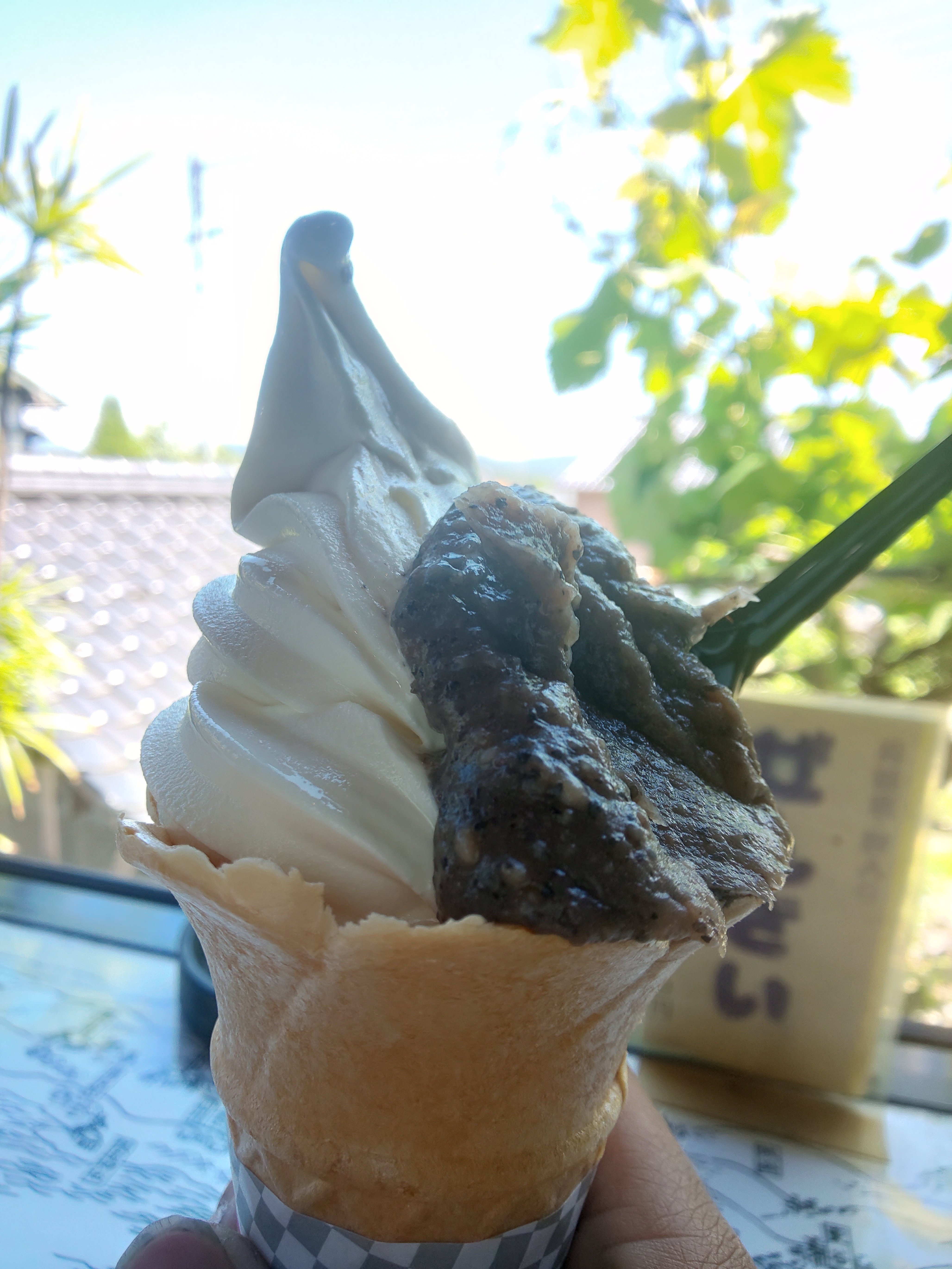 バニラのソフトクリームに黒豆のあんこが乗っているソフトクリーム。
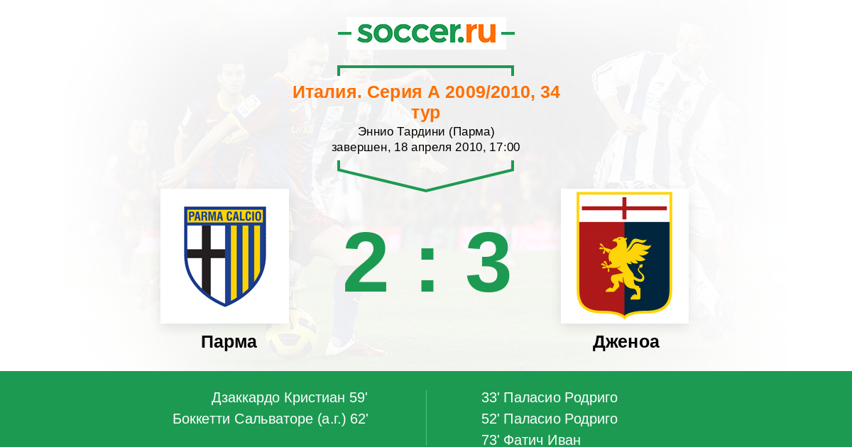 Протокол матча Парма против Дженоа
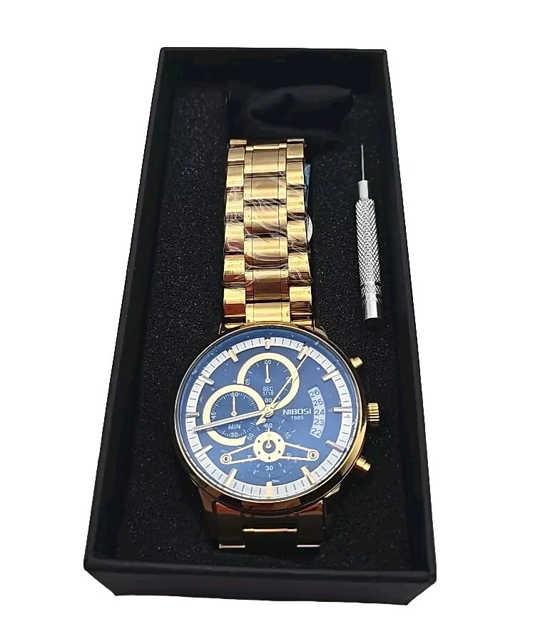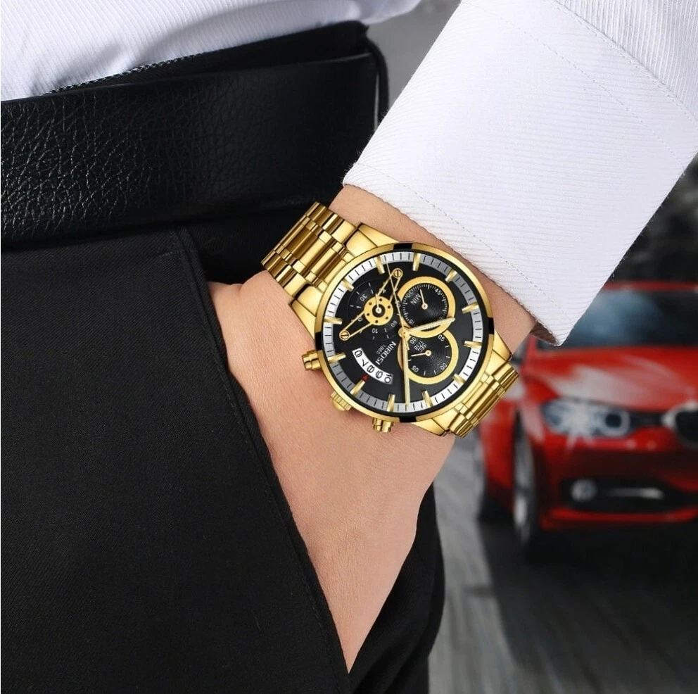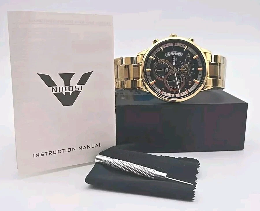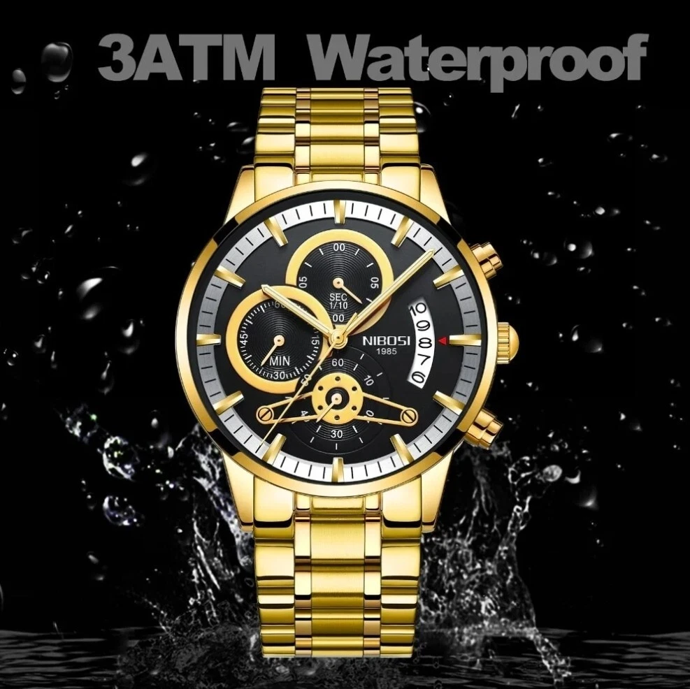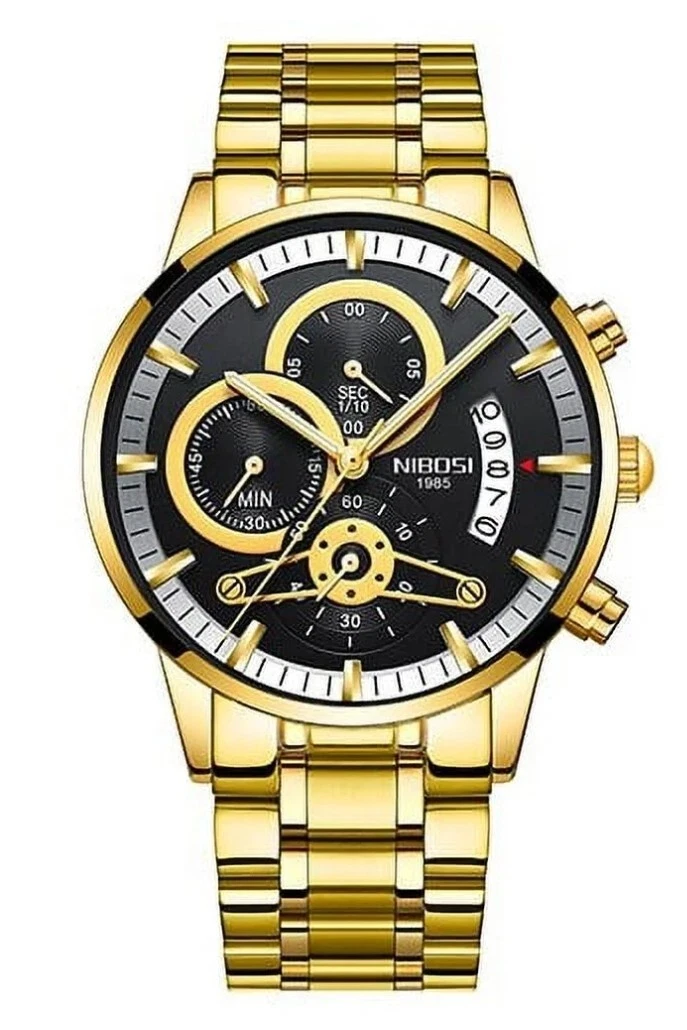 NIBOSI Men's Gold/Black Color Watch Chronograph Waterproof 30M Full Steel Quartz
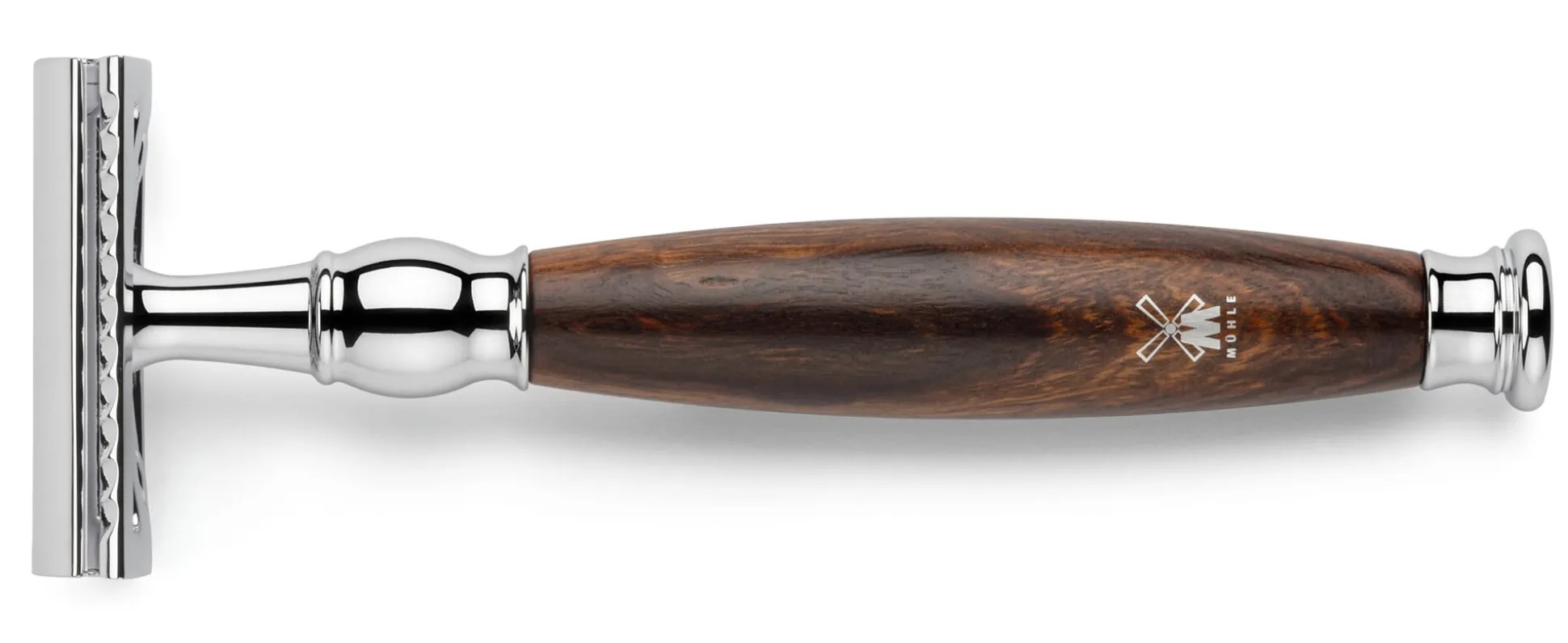 Der Griff ist aus sogenanntem Eisenholz gefertigt, das diesen Namen aus gutem Grund trägt. Wegen seiner extremen Härte und Dichte ist es äußerst beständig, zäh und widerstandsfähig, somit besonders für Griffe geeignet und für den Einsatz in Bereichen, in denen viel mit Wasser hantiert wird. Als Eisenholz werden verschiedene harte Hölzer bezeichnet. Das Eisenholz für diesen Rasierhobelgriff stammt von Olneya-Bäumen in der Sonora-Wüste in Arizona und wird deshalb auch Wüsteneisenholz genannt. Wegen des geringen Bestands dieser Baumart wird ausschließlich das Holz bereits abgestorbener Bäume verwendet. Seine seidig-glänzend polierte Oberfläche bringt den tiefbraunen Farbton und die feine Maserung besonders gut zur Geltung.

· · ·

**EXERCISE PROMPT**
Copy out the data verbatim, excluding the pictures.

**REPLY TO THE EXERCISE**
 バニラのソフトクリームに黒豆のあんこが乗っているソフトクリーム。
 Протокол матча Парма против Дженоа
 NIBOSI Men's Gold/Black Color Watch Chronograph Waterproof 30M Full Steel Quartz
 Der Griff ist aus sogenanntem Eisenholz gefertigt, das diesen Namen aus gutem Grund trägt. Wegen seiner extremen Härte und Dichte ist es äußerst beständig, zäh und widerstandsfähig, somit besonders für Griffe geeignet und für den Einsatz in Bereichen, in denen viel mit Wasser hantiert wird. Als Eisenholz werden verschiedene harte Hölzer bezeichnet. Das Eisenholz für diesen Rasierhobelgriff stammt von Olneya-Bäumen in der Sonora-Wüste in Arizona und wird deshalb auch Wüsteneisenholz genannt. Wegen des geringen Bestands dieser Baumart wird ausschließlich das Holz bereits abgestorbener Bäume verwendet. Seine seidig-glänzend polierte Oberfläche bringt den tiefbraunen Farbton und die feine Maserung besonders gut zur Geltung.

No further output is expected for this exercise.